A word-for-word copy of every entry below is required; the images do not belong in it.

(Excerpts from a dataset)
══════════
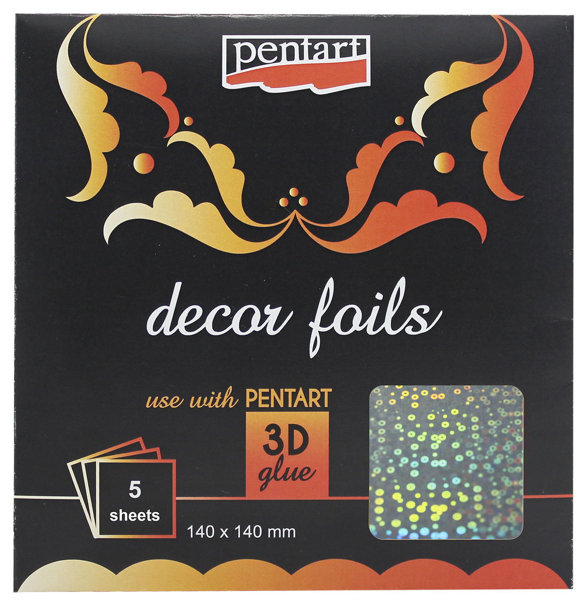 Fólie s holografickým efektem. V kombinaci s lepidllem 3D dosáhnete zvláštní 3D efekt. Na konečné přelákování použijte lesklý lak na vodní bázi.
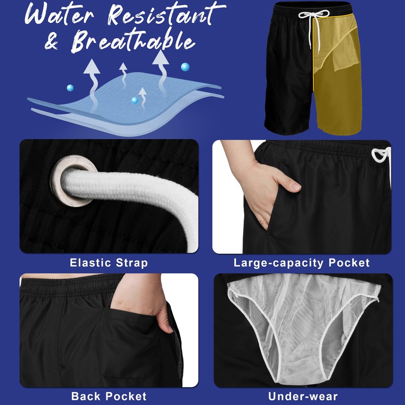 - 【FASHIONABLE SWIM SHORTS with Mesh lining and three pockets】:soft and comfortable lining.With two pockets on each side and one more backside pocket,two side pockets for safer storage, you'll enjoy the safe and relaxe feeling when you dress this mens swim trunk.
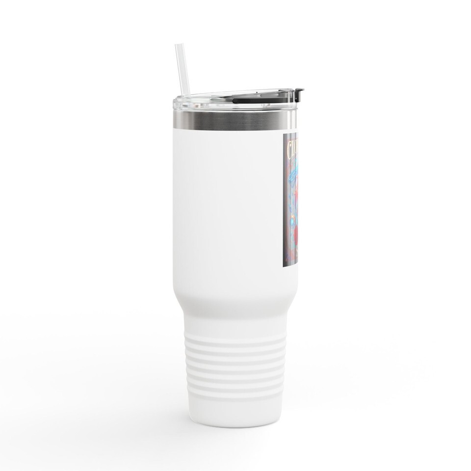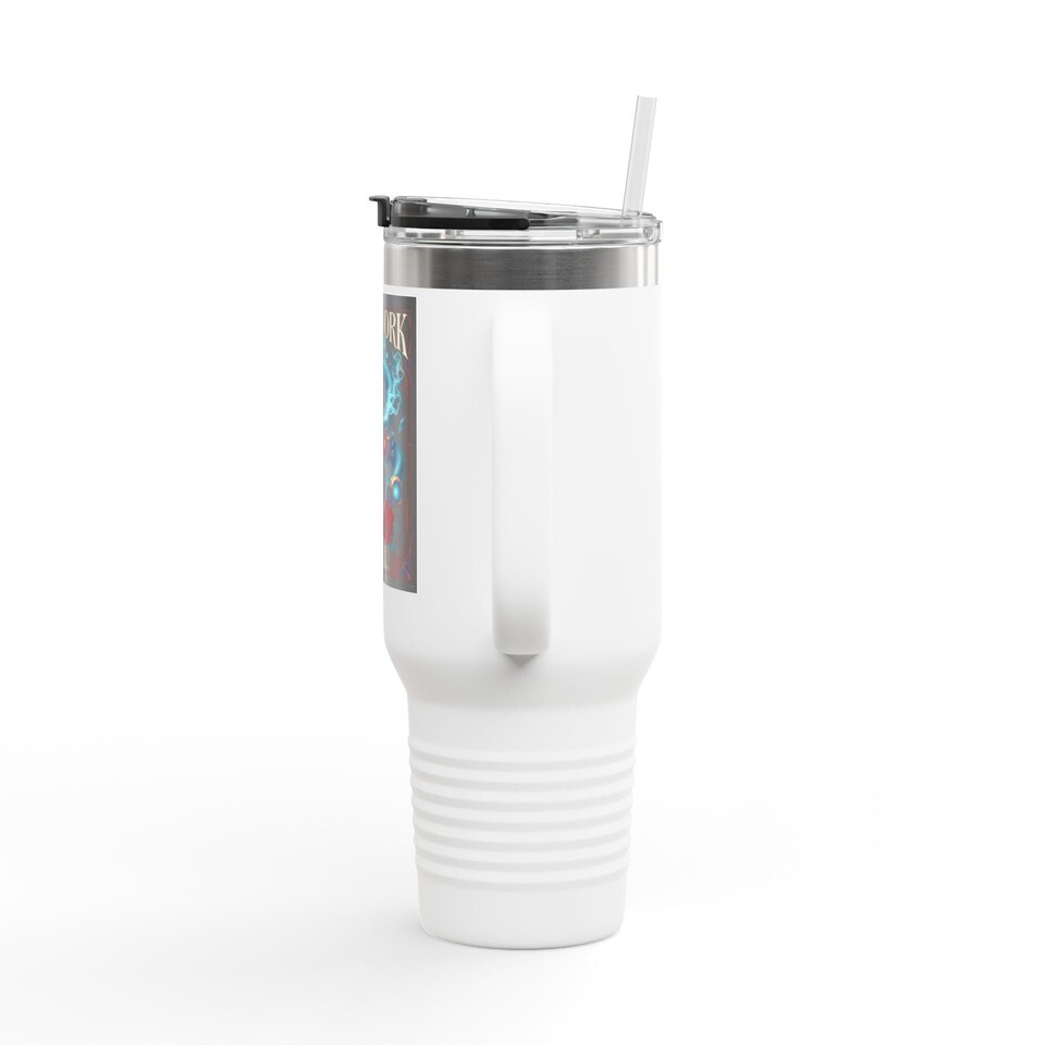 This 40oz insulated travel mug is built for long days on the road and late-night creative sessions. Its hefty capacity and double-wall stainless steel construction keep coffee hot (or iced drinks cold) through long drives, studio marathons, and festival mornings. The ergonomic handle and included straw make sipping comfortable and spill-resistant while the secure, leak-proof lid locks in your drink and limits distractions. The powder-coated finish feels good in the hand and the vibrant UV-DTF print holds detailed, full-color artwork?so your favorite design travels with you. Choose from eight color options to match your gear. Hand wash recommended to keep the print and coating looking their best.
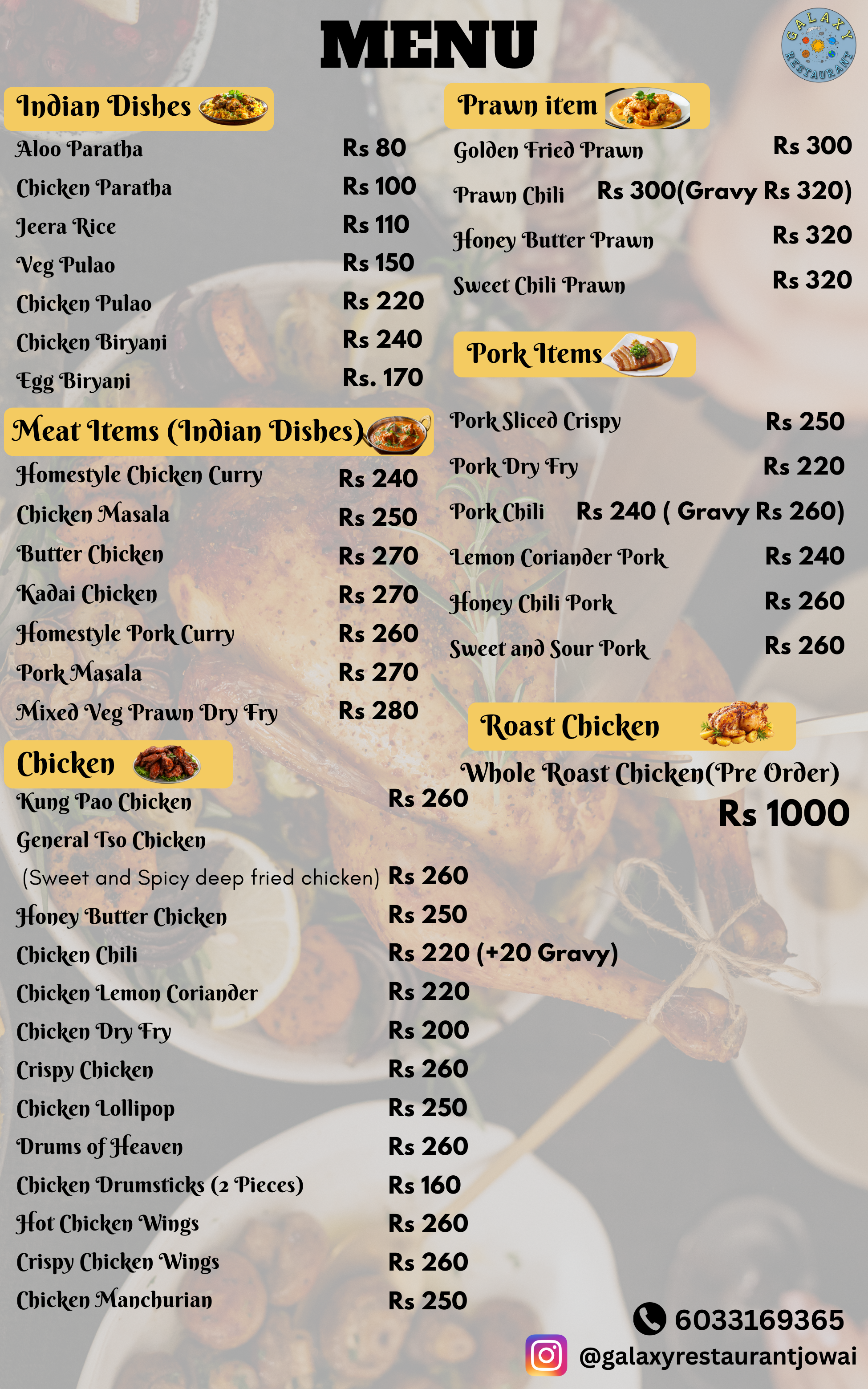 Indulge in a culinary journey like no other at our restaurant, where we celebrate the vibrant flavors of Chinese, Indian, and Italian cuisines. From the fiery spices of Szechuan to the aromatic curries of India, and the comforting pastas of Italy, our menu is a symphony of diverse tastes and textures.We invite you to savor the best of three worlds under one roof.
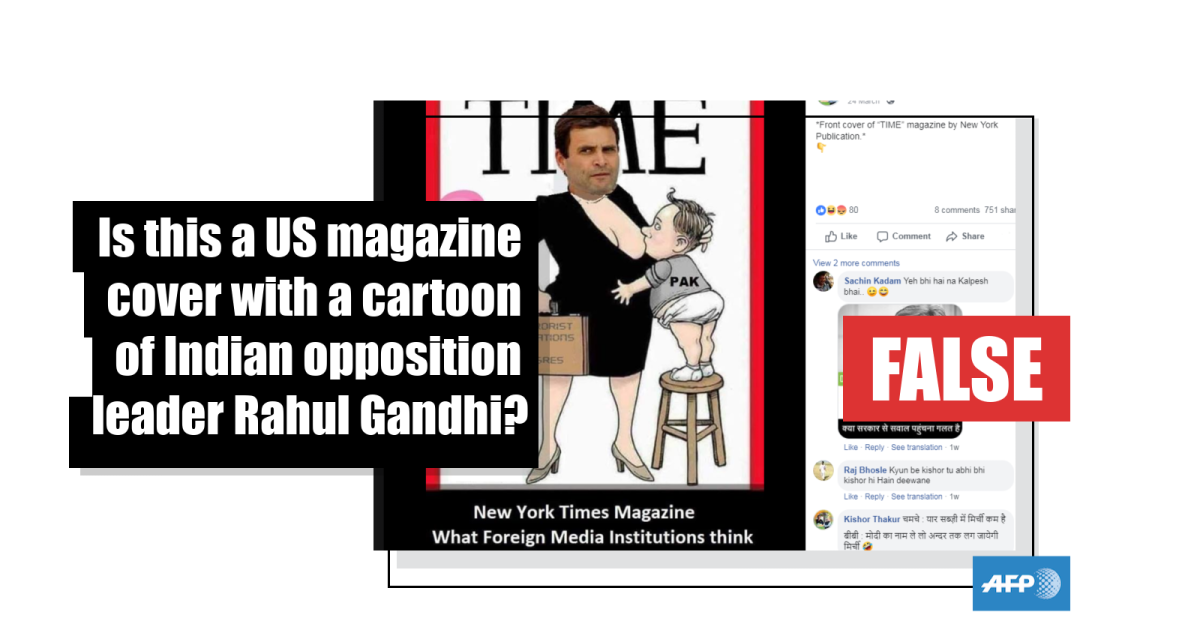 No, this is not a US magazine cover featuring a cartoon of Indian opposition leader Gandhi
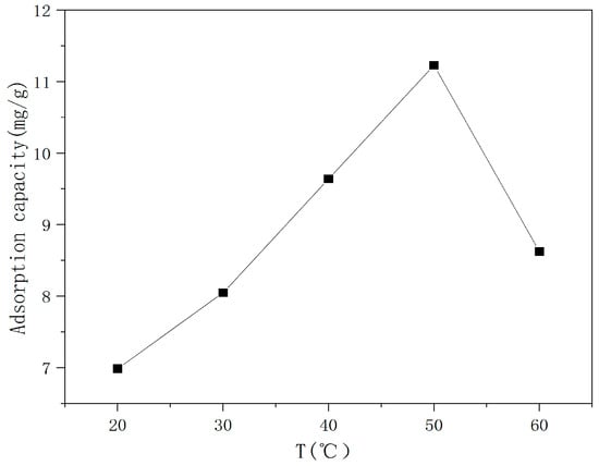 Under the conditions of pH = 6, c0 = 10 mg/L and t = 3 h, the influence of temperature on the adsorption of Co2+ by GO is shown in Figure 11. When the temperature ranges from 30 °C to 60 °C, the adsorption capacity of GO for Co2+ reaches the highest value at 50 °C, which is 11.23 mg/g, indicating the uncertainty of the effect of temperature on the adsorption effect.
══════════
■ Result for this exercise:
 Fólie s holografickým efektem. V kombinaci s lepidllem 3D dosáhnete zvláštní 3D efekt. Na konečné přelákování použijte lesklý lak na vodní bázi.
 - 【FASHIONABLE SWIM SHORTS with Mesh lining and three pockets】:soft and comfortable lining.With two pockets on each side and one more backside pocket,two side pockets for safer storage, you'll enjoy the safe and relaxe feeling when you dress this mens swim trunk.
 This 40oz insulated travel mug is built for long days on the road and late-night creative sessions. Its hefty capacity and double-wall stainless steel construction keep coffee hot (or iced drinks cold) through long drives, studio marathons, and festival mornings. The ergonomic handle and included straw make sipping comfortable and spill-resistant while the secure, leak-proof lid locks in your drink and limits distractions. The powder-coated finish feels good in the hand and the vibrant UV-DTF print holds detailed, full-color artwork?so your favorite design travels with you. Choose from eight color options to match your gear. Hand wash recommended to keep the print and coating looking their best.
 Indulge in a culinary journey like no other at our restaurant, where we celebrate the vibrant flavors of Chinese, Indian, and Italian cuisines. From the fiery spices of Szechuan to the aromatic curries of India, and the comforting pastas of Italy, our menu is a symphony of diverse tastes and textures.We invite you to savor the best of three worlds under one roof.
 No, this is not a US magazine cover featuring a cartoon of Indian opposition leader Gandhi
 Under the conditions of pH = 6, c0 = 10 mg/L and t = 3 h, the influence of temperature on the adsorption of Co2+ by GO is shown in Figure 11. When the temperature ranges from 30 °C to 60 °C, the adsorption capacity of GO for Co2+ reaches the highest value at 50 °C, which is 11.23 mg/g, indicating the uncertainty of the effect of temperature on the adsorption effect.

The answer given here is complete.